With all chore parts set up, we can finally delve into the relationship between the domain and the database — starting with the most interesting part for those interested in DDD. 

The first part of this blog series depicts domain code structure. Inside each domain is the repository.go file. The thing is, the repository is the whole pattern; it cannot fit into a single file with a code. Let’s deep dive into why this pattern is one of my favorites. 

In my opinion, one of the main reasons an application may have become very complex and hard to read is that some people tend to be too reluctant to a proper decoupling of the database logic and the application (business) logic. Keeping the logic of your application along with your database logic makes your application much more complex and hard to both test and maintain. So if you encounter words like connection, begin, commit, rollback, and so on in your service layer, be aware that it might be a serious problem in the future. 

The main purpose of the repository pattern is to separate these two logic spaces. It allows you to make your code simpler and easier to add new functionalities. As a bonus, you can defer the important decisions of choosing a database solution and schema. Another good side effect of this approach is out-of-the-box immunity for database vendor lock-in.

The idea of the repository pattern is to communicate with the database via the interface. You should define the interface to support any database implementation, which means that it should be free of any implementation details of any database. The interface in the repository.go might look like this:

type Repository interface {
    Create(ctx context.Context, user *User) error
    Read(ctx context.Context, userID uuid.UUID) (*User, error)
}

Hidden within the Create and Read functions of real database implementation is the entire database boilerplate — like initializing a connection, releasing, calling Exec or Select pgx functions and so on. This is answers what’s inside the postgres directory (a question posed in the previous blog post). As you can see, there’s no need for a service using this interface to call any database low-level operation, like for working with connections and (most importantly) transactions. As a result, another SOLID principle — dependency inversion — is ticked off.

You might be thinking that it’s an artificial example and things are much more complex in the real world. And you’re right, because how do we do the transactions? 

Personally, my biggest challenge was how to manage transactions in a clean way that does not affect the rest of the application too much, is not dependent on the implementation and is both explicit and fast. Let’s take a look at the Update function I added to the repository interface.

type UpdateFunc func(*User) (*User, error)

type Repository interface {
    Create(ctx context.Context, user *User) error
    Read(ctx context.Context, userID uuid.UUID) (*User, error)
    Update(ctx context.Context, userID uuid.UUID, fn UpdateFunc) error
}

Besides the Update function, you can see also UpdateFunc. This is the key to working with transactions in the repository pattern; it’s an approach based on closure passed to the update function. The basic idea is that when we call Update, we need to provide UpdateFunc that can update the provided user. In practice, the transaction flow in the database function is as follows:

  • Open the transaction.
  • Read the user from the database.
  • Call the update method on the user object.
  • Save the updated user back to the database.
  • Execute commit/rollback.

It’s also nothing terrible to have multiple update-like functions created with extra data to save. Under the hood, the implementation should reuse the same code without a lot of duplication. 

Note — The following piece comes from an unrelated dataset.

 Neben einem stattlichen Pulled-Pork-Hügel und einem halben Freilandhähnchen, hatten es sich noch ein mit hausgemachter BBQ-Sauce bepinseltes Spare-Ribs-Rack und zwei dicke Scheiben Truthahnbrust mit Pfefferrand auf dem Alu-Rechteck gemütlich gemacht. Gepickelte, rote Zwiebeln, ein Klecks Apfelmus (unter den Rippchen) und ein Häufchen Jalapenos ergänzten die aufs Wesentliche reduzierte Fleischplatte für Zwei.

Pro tip: Don’t forget to use SELECT … FOR UPDATE in your queries to prevent data races where it might potentially happen. But still, you can ask how to do certain operations — like creating a user, a session and some default settings in our database, all within one transaction. (I’ll elaborate on this in a minute.)

Eventual Consistency

One of the most important aspects of software development in general is keeping application data consistent, no matter what. It means having a guarantee that changes made within a transaction are consistent with database constraints. Consistency models are a topic for a blog post of its own — but in general, in DDD, you should strive for eventual consistency beyond your bounded contexts, as we already know from the repository pattern that a domain cannot touch the data of another domain. Bounded contexts have to be completely separated, which, of course, also applies to database operations. 

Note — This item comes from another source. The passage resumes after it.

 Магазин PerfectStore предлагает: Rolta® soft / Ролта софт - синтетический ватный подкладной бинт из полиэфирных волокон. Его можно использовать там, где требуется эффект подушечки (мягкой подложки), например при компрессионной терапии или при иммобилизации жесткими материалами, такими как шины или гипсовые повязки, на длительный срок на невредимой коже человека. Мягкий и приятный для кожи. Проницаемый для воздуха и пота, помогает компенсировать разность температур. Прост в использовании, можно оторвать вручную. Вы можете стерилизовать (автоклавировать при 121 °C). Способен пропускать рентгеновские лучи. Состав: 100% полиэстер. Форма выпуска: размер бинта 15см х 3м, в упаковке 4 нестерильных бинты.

Eventual consistency is a design approach for improving scalability and performance. Although transactional consistency seems more straightforward and easier to use, eventual consistency has an advantage in a lot of use cases. In DDD, it often leads to better design compared to working with traditional transactions. I wouldn’t even be afraid to say that in real-world use cases of really big systems, transactional consistency workflows are rare. A business process often involves a series of use cases and a persisting group of changes represented by aggregates. Domain use cases are responsible for keeping aggregates consistent.

Getting back to the problem with the user, session and settings, I’d recommend rethinking the aggregates and making an aggregate from the user and his settings. The session could be a separate aggregate. To support this statement, my previous blog post states that DDD is a great design for rewriting your entire huge application into microservices, if you decide to do so. You can now see one of the reasons. 

If you’d like to have the session in one transaction with the user and all other things that relate to the user, how would you then refactor this enormous transaction and the whole flow to make an authentication microservice? It would be very difficult and ultimately — because of the nature of microservices — you’d end up with eventual consistency anyway. So think about it from the very beginning and try to design your entities and aggregates in the correct way.

Even if the approach with repository and eventual consistency between bounded contexts adds a bit more code, it’s totally worth making that investment. It should benefit you very soon, when the project grows up.

Database Adapter in Detail

We already know the relationship between the service and database layer, but how is the database layer actually implemented internally to support all needed functionality to repositories inside the domains? 

Because all domains in our template use PostgreSQL, there’s no need to duplicate code in each domain. Instead, we’ve separated the database implementation into the sub-package of the project root.

There are also all migration files because it’s very convenient to have all migrations in one place. In the case of our template and most of our projects (where we use solely PostgreSQL), there’s no reason to not have all migration files in the database adapter — so domain repositories can expect the prepared database schema in place.

Setting Up the Correct Interface

So that repositories can do their job, they require very simple database operations, specifically acquiring/releasing a connection and transaction-related operations like beginning, committing and rolling back transactions. Since the repository embeds the whole database adapter, we can simply start with the interface describing how the database functions will be used and what an adapter needs to implement.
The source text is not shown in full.